• _REQUIREMENT_
What is needed is an exact reproduction of the lines from the one that contains "Raumaufteilung / Flächen: Wohnfläche" through the end of the data, both included and nothing else, with pictures omitted.

• _MATERIALS PROVIDED_
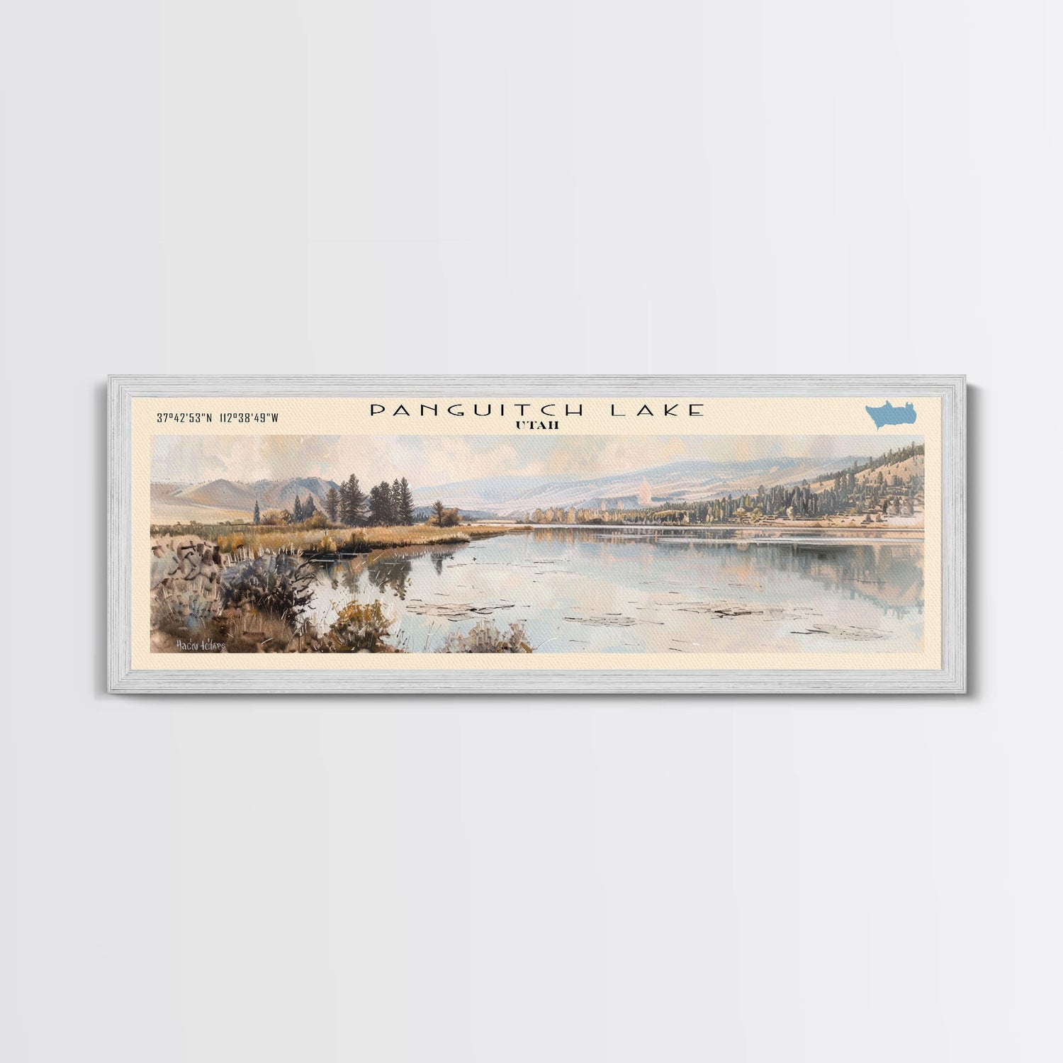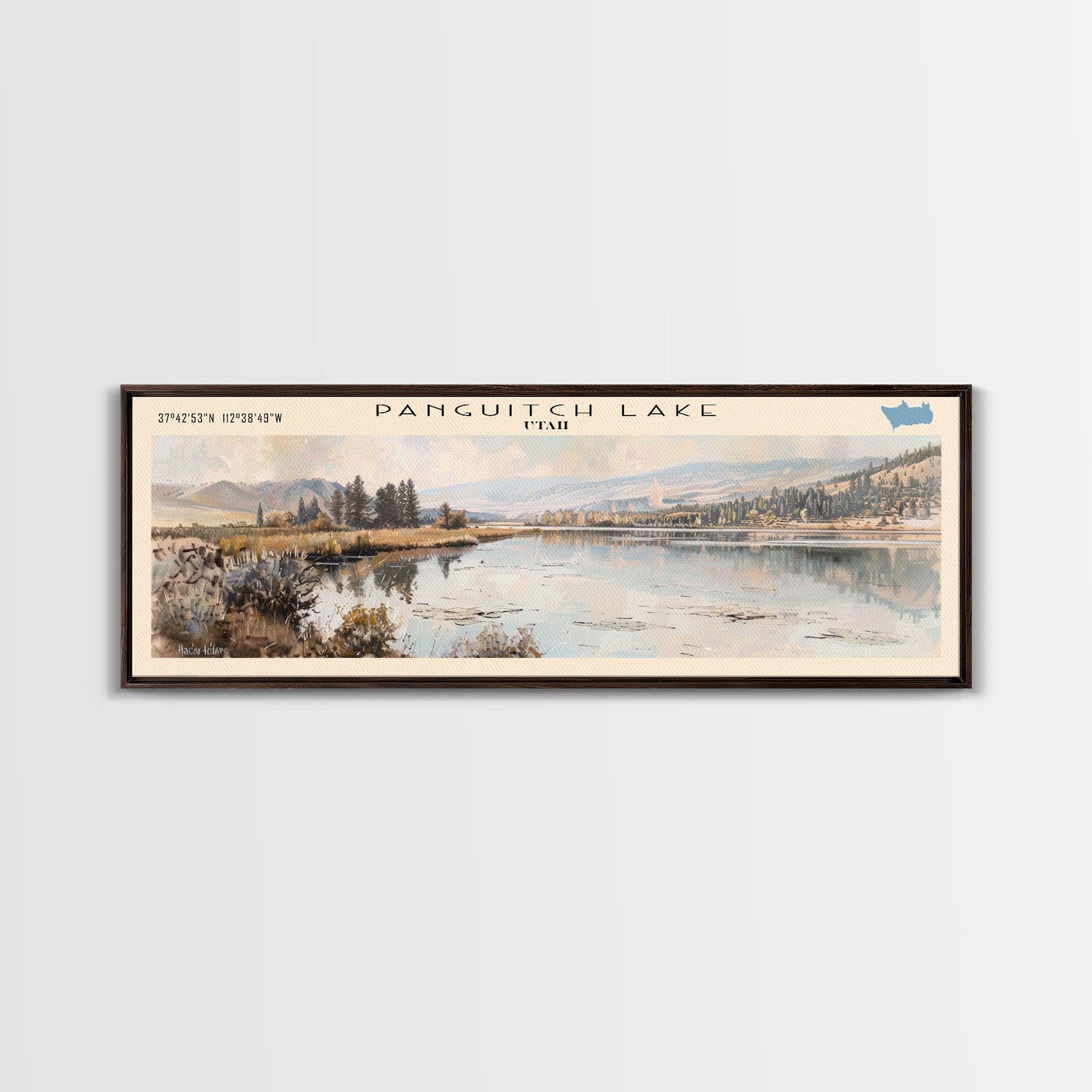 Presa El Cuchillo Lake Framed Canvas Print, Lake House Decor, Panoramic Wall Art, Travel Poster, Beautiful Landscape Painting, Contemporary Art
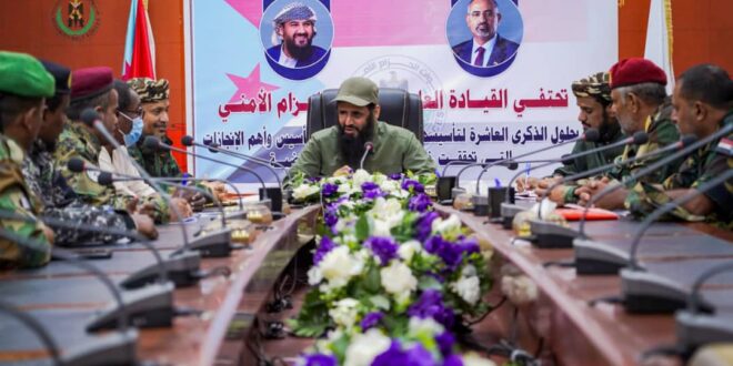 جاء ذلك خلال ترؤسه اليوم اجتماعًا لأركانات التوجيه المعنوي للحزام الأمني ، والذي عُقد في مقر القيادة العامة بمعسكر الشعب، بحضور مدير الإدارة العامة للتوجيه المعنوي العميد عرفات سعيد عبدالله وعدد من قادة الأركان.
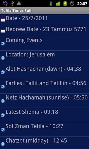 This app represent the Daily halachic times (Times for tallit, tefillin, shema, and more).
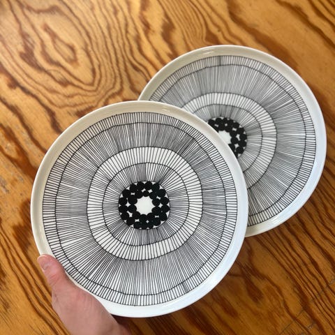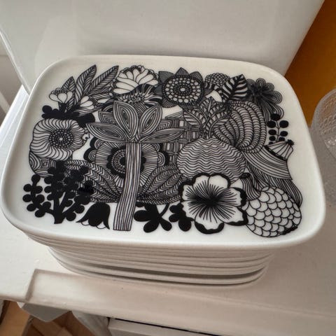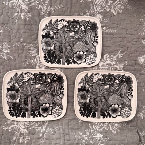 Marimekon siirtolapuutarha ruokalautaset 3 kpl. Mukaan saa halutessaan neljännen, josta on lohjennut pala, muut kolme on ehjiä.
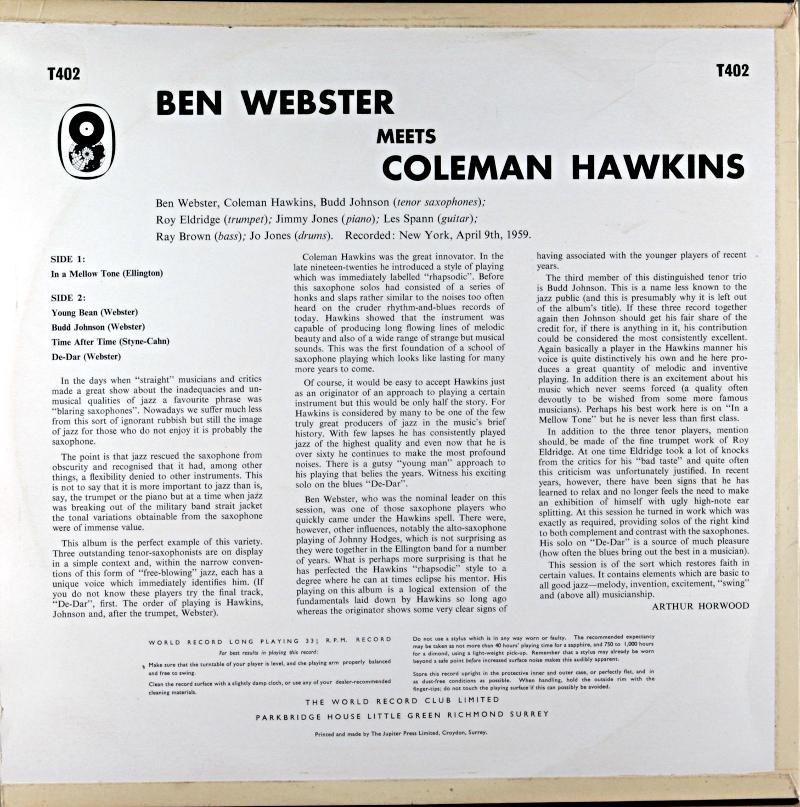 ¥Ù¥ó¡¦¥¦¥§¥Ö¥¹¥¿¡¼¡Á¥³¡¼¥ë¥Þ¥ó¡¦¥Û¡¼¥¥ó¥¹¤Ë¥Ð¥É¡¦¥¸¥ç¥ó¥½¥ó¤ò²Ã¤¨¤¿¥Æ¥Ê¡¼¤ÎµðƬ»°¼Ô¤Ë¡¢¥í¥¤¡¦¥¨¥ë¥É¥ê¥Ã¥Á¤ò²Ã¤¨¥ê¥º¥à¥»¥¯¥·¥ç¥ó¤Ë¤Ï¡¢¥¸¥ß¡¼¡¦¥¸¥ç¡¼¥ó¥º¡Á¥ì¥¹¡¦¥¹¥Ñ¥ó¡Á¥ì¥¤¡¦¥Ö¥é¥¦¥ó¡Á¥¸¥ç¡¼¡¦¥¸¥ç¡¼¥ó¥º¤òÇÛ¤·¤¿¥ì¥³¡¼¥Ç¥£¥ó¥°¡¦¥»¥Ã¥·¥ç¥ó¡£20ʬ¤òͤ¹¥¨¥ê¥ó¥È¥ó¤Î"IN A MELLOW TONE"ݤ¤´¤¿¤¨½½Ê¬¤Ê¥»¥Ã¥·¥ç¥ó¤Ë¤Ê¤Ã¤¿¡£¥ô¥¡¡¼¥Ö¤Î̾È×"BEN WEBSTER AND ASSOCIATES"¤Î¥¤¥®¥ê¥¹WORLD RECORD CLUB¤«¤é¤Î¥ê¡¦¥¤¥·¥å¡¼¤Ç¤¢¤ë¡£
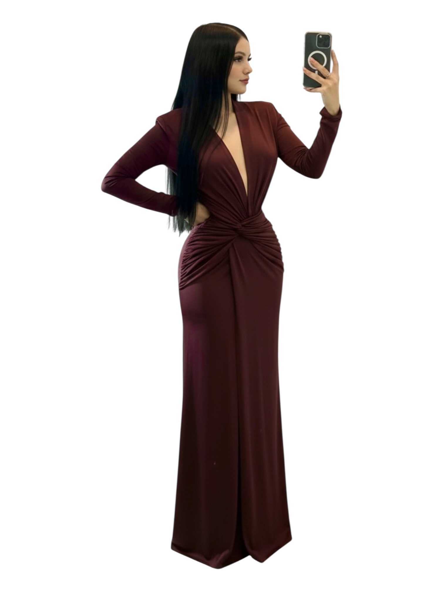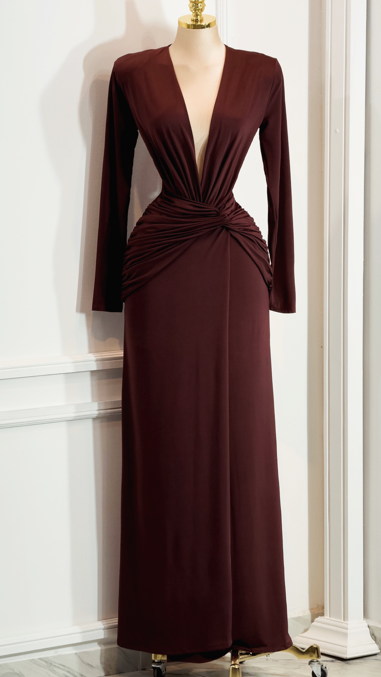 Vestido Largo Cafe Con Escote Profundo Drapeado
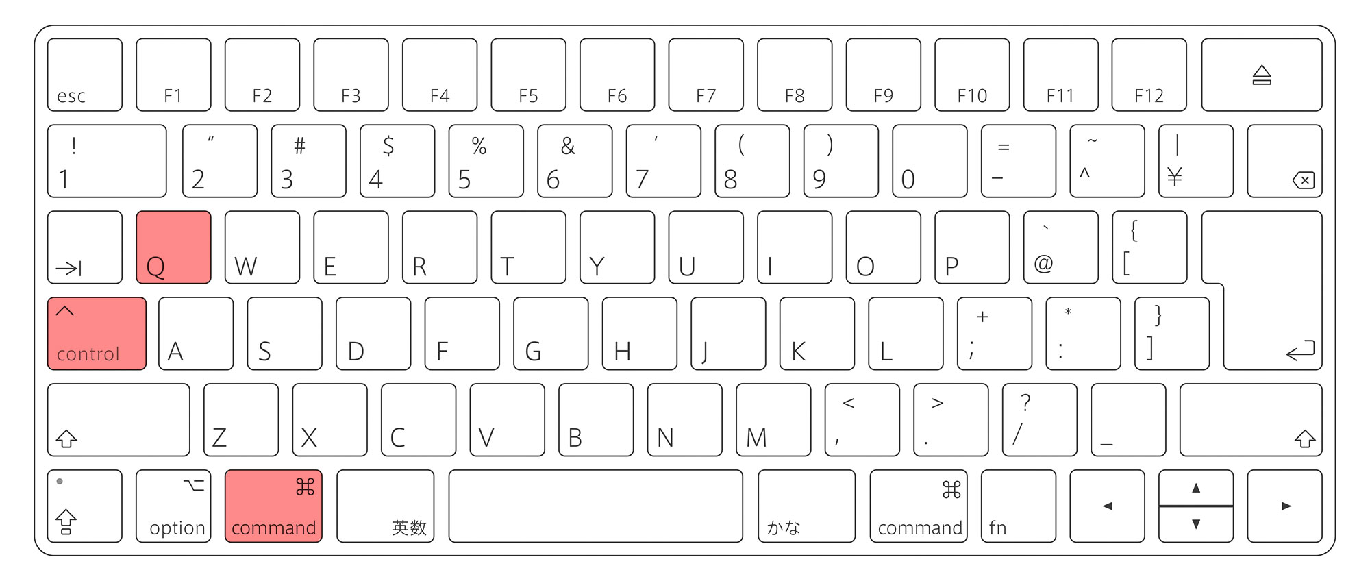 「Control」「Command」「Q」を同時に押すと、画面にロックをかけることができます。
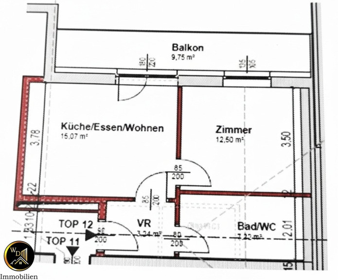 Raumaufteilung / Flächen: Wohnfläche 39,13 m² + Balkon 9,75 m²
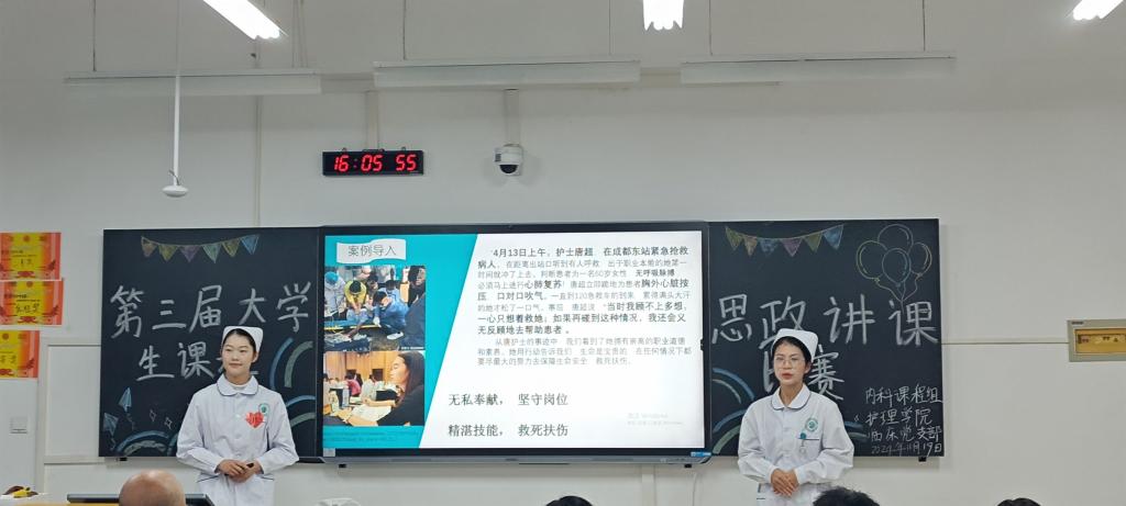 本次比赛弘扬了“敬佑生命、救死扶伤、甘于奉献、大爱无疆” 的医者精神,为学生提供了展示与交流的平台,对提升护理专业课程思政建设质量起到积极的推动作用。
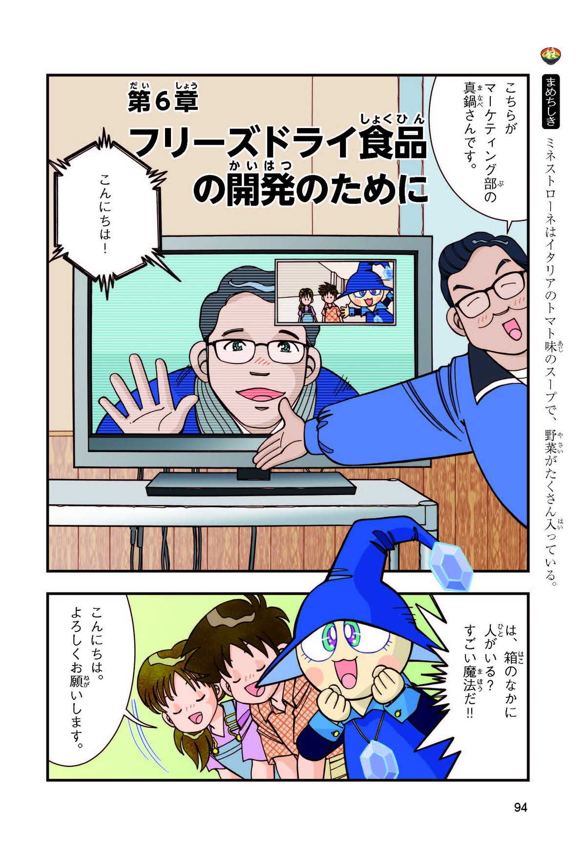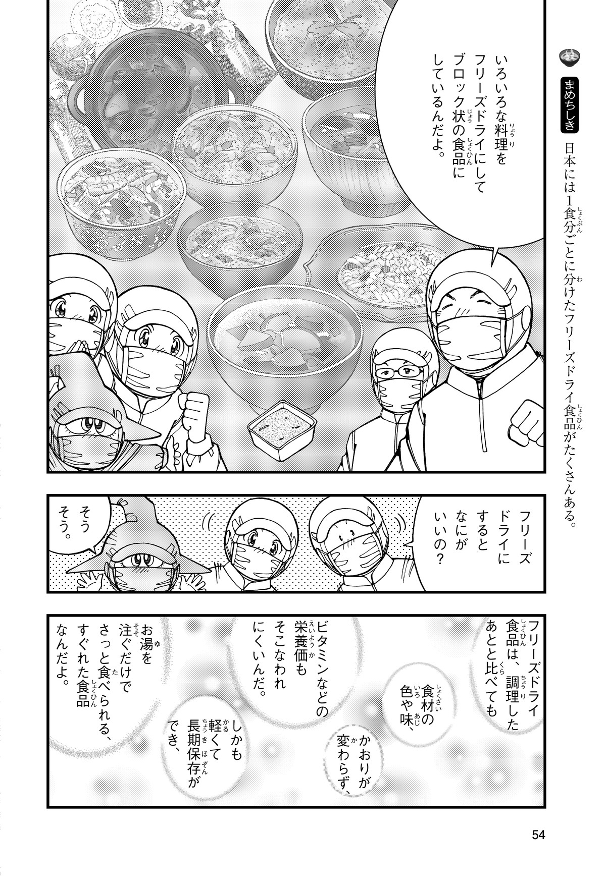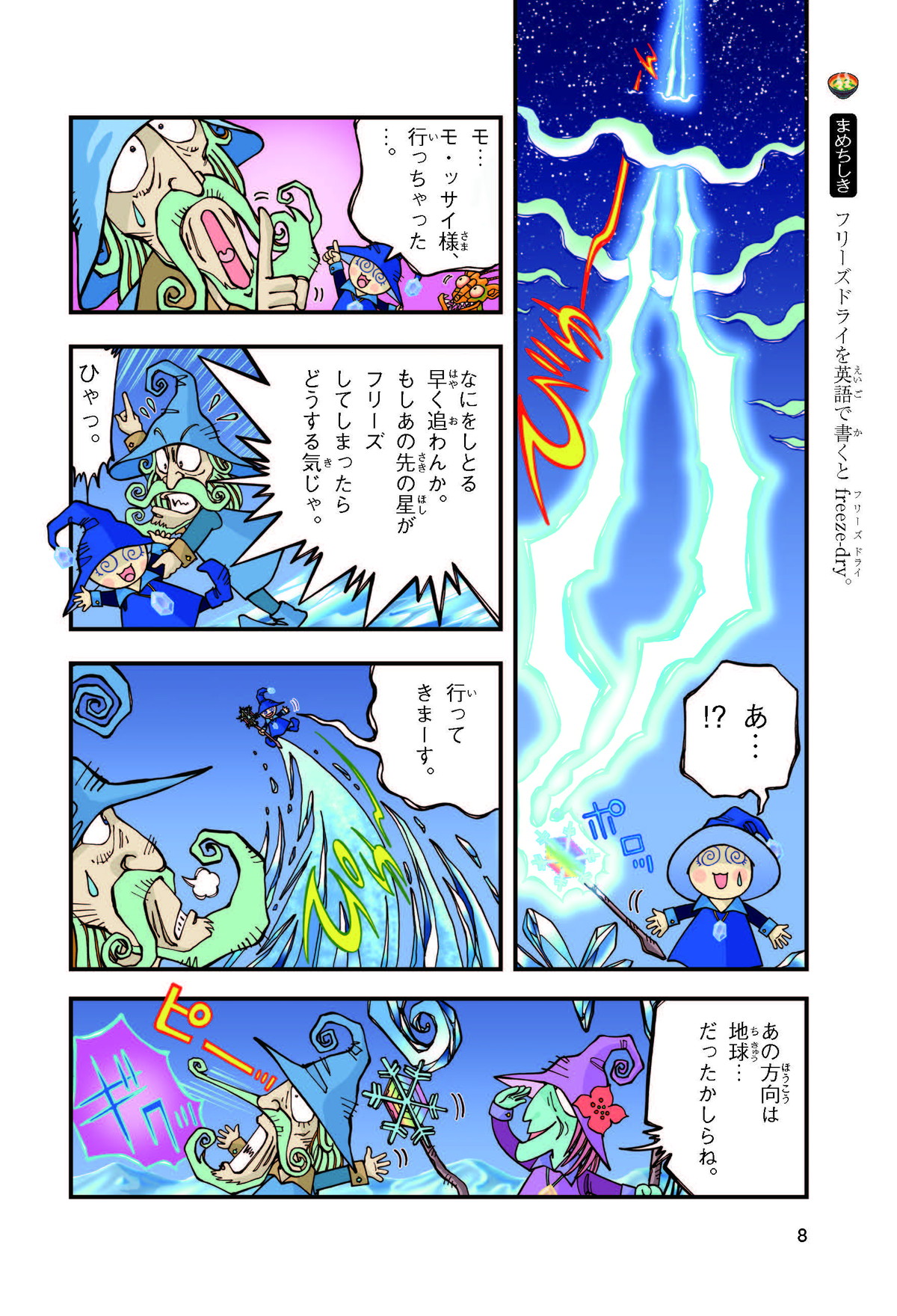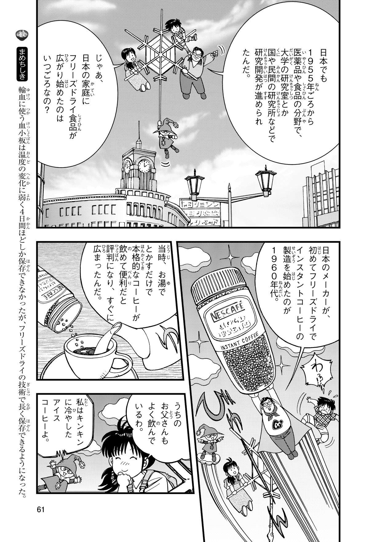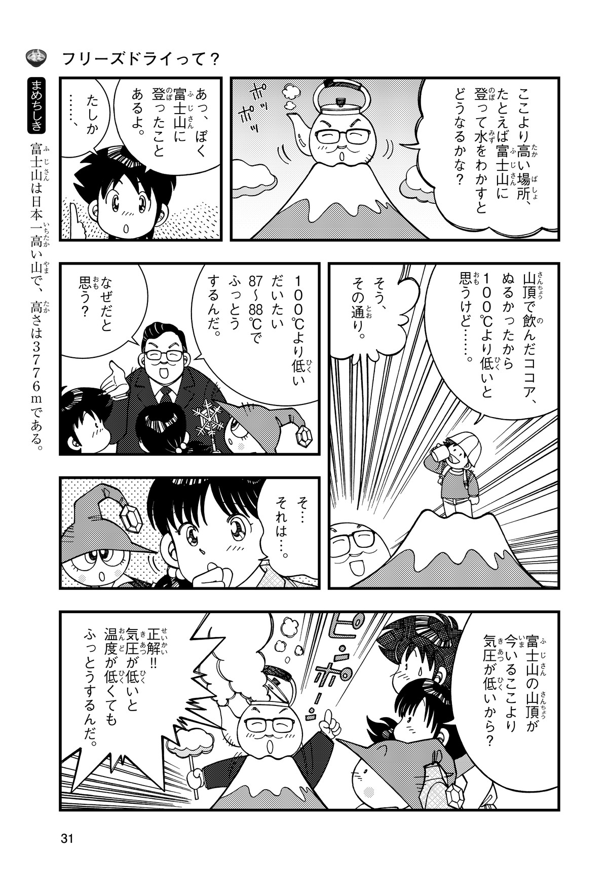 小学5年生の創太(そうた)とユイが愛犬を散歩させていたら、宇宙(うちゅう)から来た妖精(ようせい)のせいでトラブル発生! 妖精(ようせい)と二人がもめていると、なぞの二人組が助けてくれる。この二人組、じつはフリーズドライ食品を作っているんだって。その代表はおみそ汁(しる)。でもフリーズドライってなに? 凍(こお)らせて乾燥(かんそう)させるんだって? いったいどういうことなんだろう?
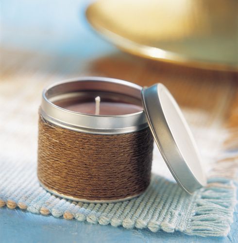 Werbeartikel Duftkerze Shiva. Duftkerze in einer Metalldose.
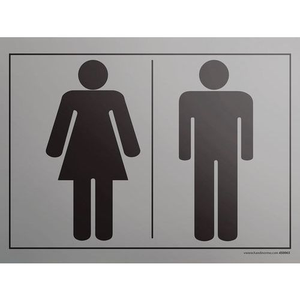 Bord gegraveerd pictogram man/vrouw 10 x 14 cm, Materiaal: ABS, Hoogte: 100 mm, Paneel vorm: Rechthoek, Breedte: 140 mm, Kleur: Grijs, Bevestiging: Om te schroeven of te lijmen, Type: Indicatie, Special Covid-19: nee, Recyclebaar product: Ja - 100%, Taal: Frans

• _EXERCISE ANSWER_
 Raumaufteilung / Flächen: Wohnfläche 39,13 m² + Balkon 9,75 m²
 本次比赛弘扬了“敬佑生命、救死扶伤、甘于奉献、大爱无疆” 的医者精神,为学生提供了展示与交流的平台,对提升护理专业课程思政建设质量起到积极的推动作用。
 小学5年生の創太(そうた)とユイが愛犬を散歩させていたら、宇宙(うちゅう)から来た妖精(ようせい)のせいでトラブル発生! 妖精(ようせい)と二人がもめていると、なぞの二人組が助けてくれる。この二人組、じつはフリーズドライ食品を作っているんだって。その代表はおみそ汁(しる)。でもフリーズドライってなに? 凍(こお)らせて乾燥(かんそう)させるんだって? いったいどういうことなんだろう?
 Werbeartikel Duftkerze Shiva. Duftkerze in einer Metalldose.
 Bord gegraveerd pictogram man/vrouw 10 x 14 cm, Materiaal: ABS, Hoogte: 100 mm, Paneel vorm: Rechthoek, Breedte: 140 mm, Kleur: Grijs, Bevestiging: Om te schroeven of te lijmen, Type: Indicatie, Special Covid-19: nee, Recyclebaar product: Ja - 100%, Taal: Frans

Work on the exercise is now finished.